There is another way to do this: instead of opening sendmail in the open command, write the opening of the file to a record. Nothing else needs to be changed.

In this case, when "sending a message", a file with this letter will be created, and you can manually control its format.

By the way, since the E-Mail address has the form user@hostname, and the @ symbol in perl is the designation of the array, the "direct" entry of such an address will cause an error! Therefore, before @ you need to put a reverse slash \ . That is, the address in the Perl line should be user\@hostname . The same applies to other reserved characters, such as $ .

for the date command you can say that in most cases it can be replaced by the perl function

scalar localtime 

which returns a string with the current date/time, for example:

Sun Oct 22 16:11:42 2000 

Such a replacement is quite possible if the resulting date/time value is not parsed by the CGI script, but is simply written to the log file (or used "as is" in a different way).

Thus, in most cases, the script can be checked even if it does not have the necessary programs that are standard for UNIX.

As for the error of communication with files, it should be mentioned incorrectly set access rights to auxiliary files used by the script.

Final debugging of CGI scripts on the server.

So, your script works fine on your local computer, now it's time to transfer it to the server.

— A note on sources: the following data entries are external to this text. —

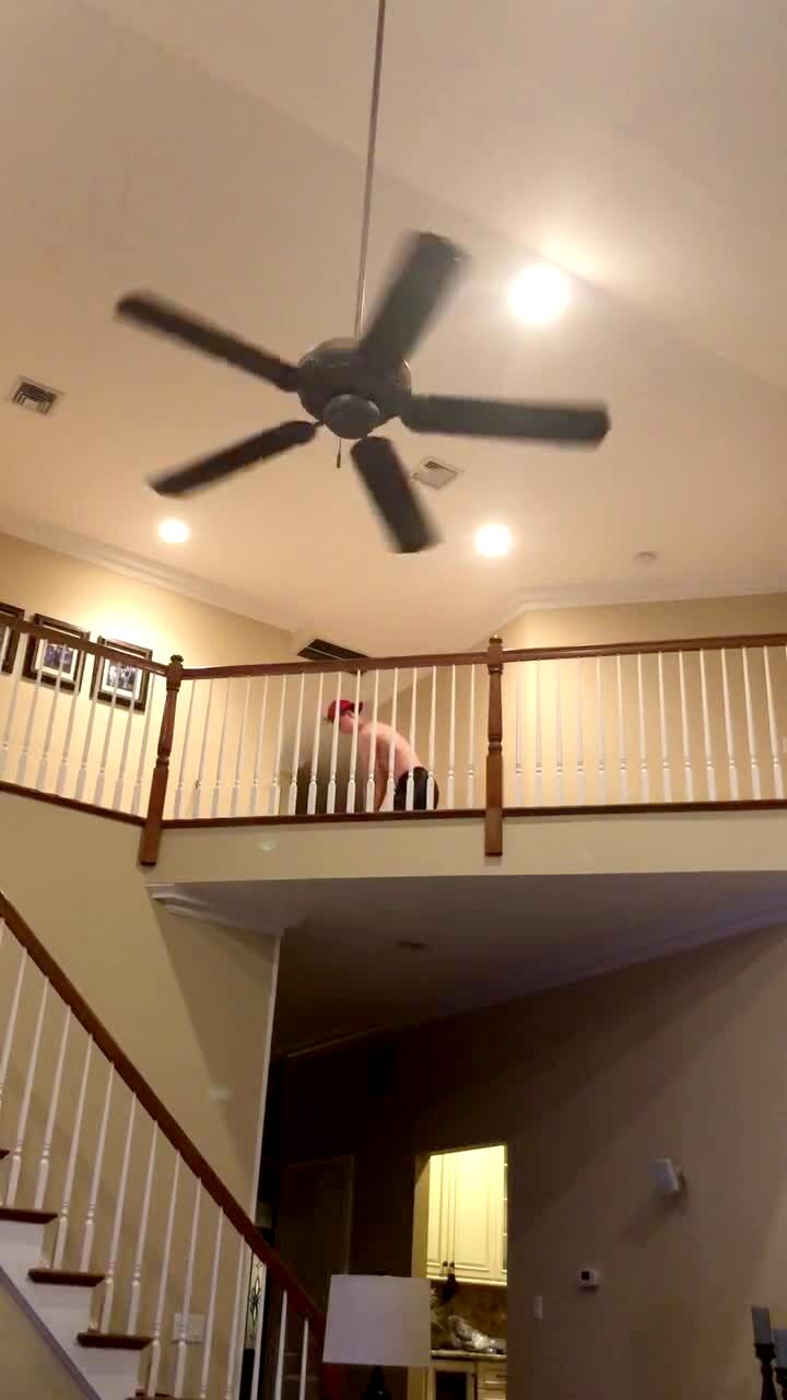 A teen boy on the upper floor of a house chips a ball with a golf club into a cup as the cup rotates on a ceiling fan and he shouts "Let's go!"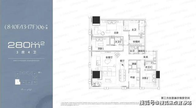 户型规划:主力户型覆盖118-612㎡全维度1-4房产品,按楼层划分不同户型区间,其中5-10F/13-17F为118~278㎡、12F为175~306㎡、18F为124~398㎡、19F为132~327㎡、20F为150~617㎡,全部为高端公寓产品,确保圈层纯粹性。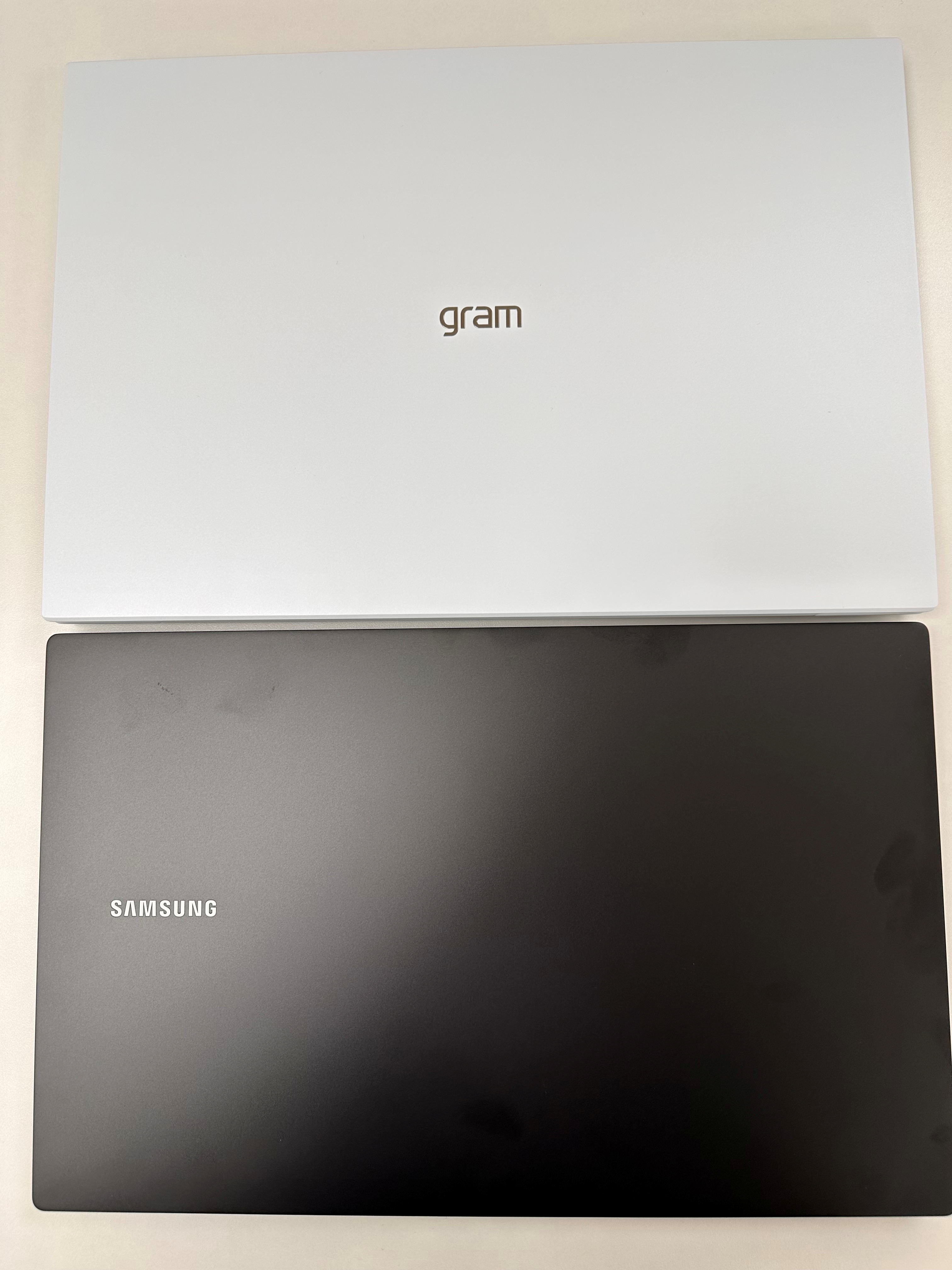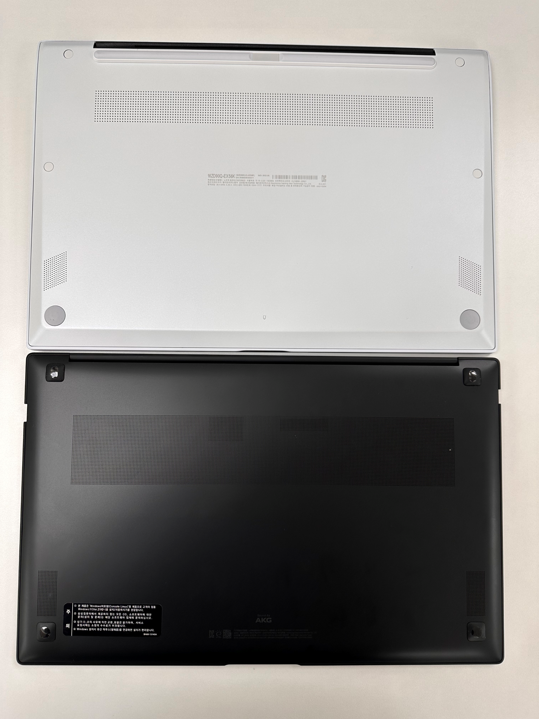 LG 그램 16 화이트와 삼성 갤럭시북2 프로 블랙 모델 상판 크기입니다.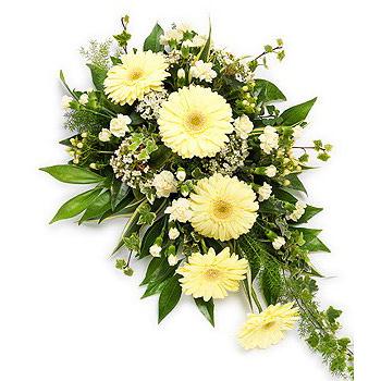 An elegant creamy white single ended spray. Yellow Gerbera, cream spray Carnations, Hypericums and white Viburnums are lovingly intertwined with variegated Dracaena, Foxtail Ferns, Cocculus and variegated Ivy.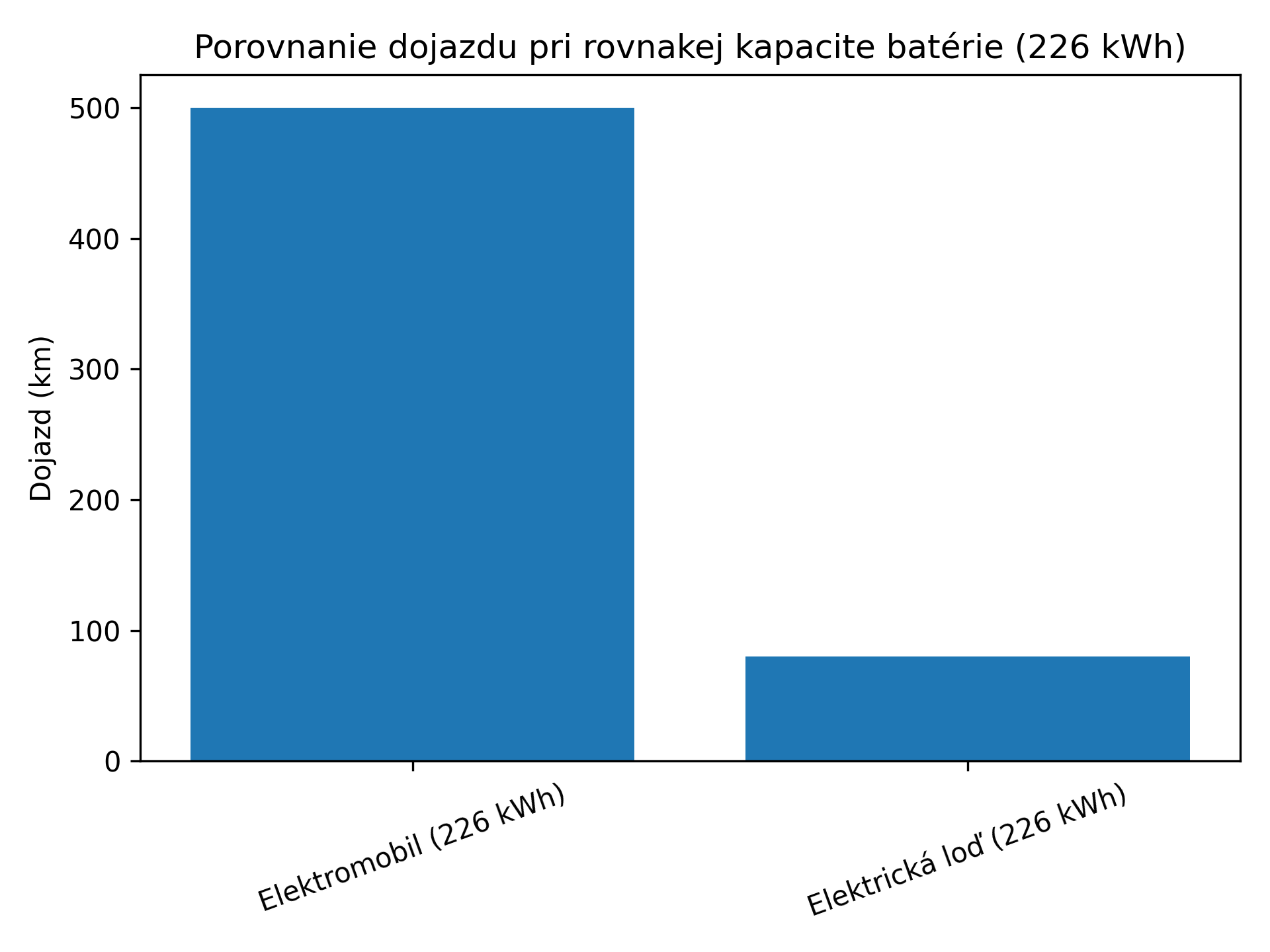 Loď s batériou 226 kWh môže prejsť približne 80 km. Elektromobil s rovnakou kapacitou prejde 450–550 km.

So, what you should pay attention to:

1. The path to Perl in the first line.

Change it to the way to Perl your hosting. When debugging the script, you either did not need this line at all, or, if you were debugging on Apache, then this path on your computer is most likely different.

2. Paths to other programs used by the CGI script.

3. The names of the files that the script accesses.

In Windows, there is no distinction between uppercase and lowercase letters in file names, i.e. A.TXT and a.txt are identical names. In UNIX, on the basis of which most Internet servers work, capital and lowercase letters in file names are different characters. Thus, the script that opens file a.txt command:

open FILE,"a.TXT"; 

will work fine under Windows, but will not want to work under UNIX (the file will not be found).

4. Mode of uploading files to the server.

The most common mistake is to upload the entire site in the "binary" mode. And if there are no special problems with html and txt files downloaded in this mode (although they may arise), scripts downloaded in this way will not work. All CGI script files, as well as the text files they use, must be downloaded in ASCII mode.

5. File permissions.

Even if everything is done correctly, the script after uploading to a UNIX server is unlikely to start working immediately.

In order for it to work, you need to set access rights for the CGI script files and the files they use.

As a rule, immediately after uploading files to the site, they all set some "standard" set of rights (by default), for example:

-rw-r--r-- 

In general, all files in terms of the necessary access to them can be divided into 3 groups:

  1. CGI script files;
  2. Files used by the CGI script to read;
  3. Files that the CGI script uses to read and write;

Typically, a hosting provider that allows the use of CGI specifies what access rights should be set for each file type.

If not, the following settings can be used as a compromise:

CGI script - -rwx-r-x-r-x (755);
Files to read - -rw-r--r-- (644);
Files to be written - -rw-rw-rw- (666);

ATTENTION! On some hostings, other, more strict configurations of access rights are recommended, providing more reliable protection against hacking for your site and the system as a whole! Therefore, follow the recommendations of your hosting provider, if any!